I'm the first person to assert it's the little things that make the biggest impact on your life.  These little things can bring you much happiness and fulfillment, or they can make you want to claw people's eyes out.  (Check back soon for a post on "Finding the humor in things when you want to claw someone's eyes out.")  In my work life, that means playing "Arma-did-you-know" instead of just telling students to research facts on armadillos.  Or by making tally marks every time "that" student sneezes because they do it SO much and they are SO annoying you want to punt them down the hallway every time it happens.  The tally marks help.  You want to beat the high score every day.  One day it was 17.  Seventeen.  Sneezes.  From one student.  Now you're silently praying for animal dander and a high pollen count so you can break into the 20s!  It'll happen some day.

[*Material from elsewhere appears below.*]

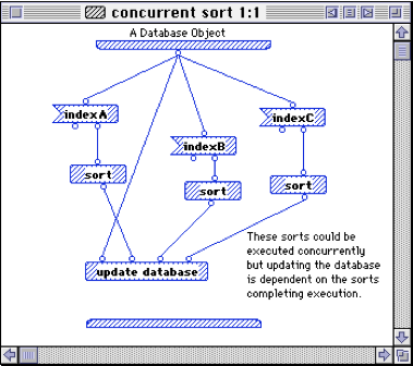 A feature that’s a little less obvious is that, unlike a textual language, the order in which commands happen depends only on the data flow. In the above example, commands happen heading down the screen, but only because each command is dependent for its input on the output of the previous commands. The two literal operations can happen in any order that will allow them to be executed before their dependencies. (I don’t think the 1996 version literally ran in parallel, but the language was certainly set up to encourage parallel thinking.) Here’s a different example that shows three different sorts that could happen in any order.

Anyway, in my home life, it's a little different.  I was writing all the year's birthdays and anniversaries on our new calendar the other day.  (Yes, literally, the other day.  Yes it's April.  Yes, I have had to apologize to everyone who's birthday I missed in January, February and March because we didn't have a calendar up at the time.)  So, as I am finishing up, I automatically flip through last year's calendar to December, unstick the picture of me that I cut out from a school picture that is taped over a snowboarder's face, and stick it on this year's calendar.  Just like everyone else does, right?  That made me stop and figure up how long I've been taping my face on calendars.  I think it was 2002 when I owned a calendar of airplanes.  I cut my face out of a picture and taped it on the airplane so it looked like I was flying it.  It was just something kind of funny that I could look at every day.  It made me smile.  As far as I remember, I've been doing it ever since!  I've been taped on airplanes, taped over nostalgic advertisements of ladies drinking bottles of soda, and, most years, I've been taped over the faces of snowboarders.  It's my favorite place to be taped because then each month I can imagine I'm catching big air and landing in wicked pow.  Okay, I don't think snowboarders actually talk like that, but still, that's what I'd be doing.  Every month I get to see myself doing something I love in a beautiful part of God's country.  It's a little thing, but it makes me smile every time I look at the calendar.

That made me curious so I starting walking around my house noticing all the things that make me look like a friggin' weirdo to the general public I have that make me happy when I see them on a daily basis. Some of these are kind of weird to talk about in isolation because they've become such a part of my daily life that they seem so normal.  I mean, seriously, why wouldn't someone have a file cabinet to store their clothes?  Having a spouse trophy seems as normal has having silverware in a kitchen drawer.  I could go on, but I'll just let you in on some of my favorite "little things" that spice up my life.  I have a feeling I'm also about to let you in on how much your friend here is a crazy person who may just have a touch of "white trash" coursing through her veins, but, well, that's small stuff that I'm going to just have to find the humor in and not worry about.  :)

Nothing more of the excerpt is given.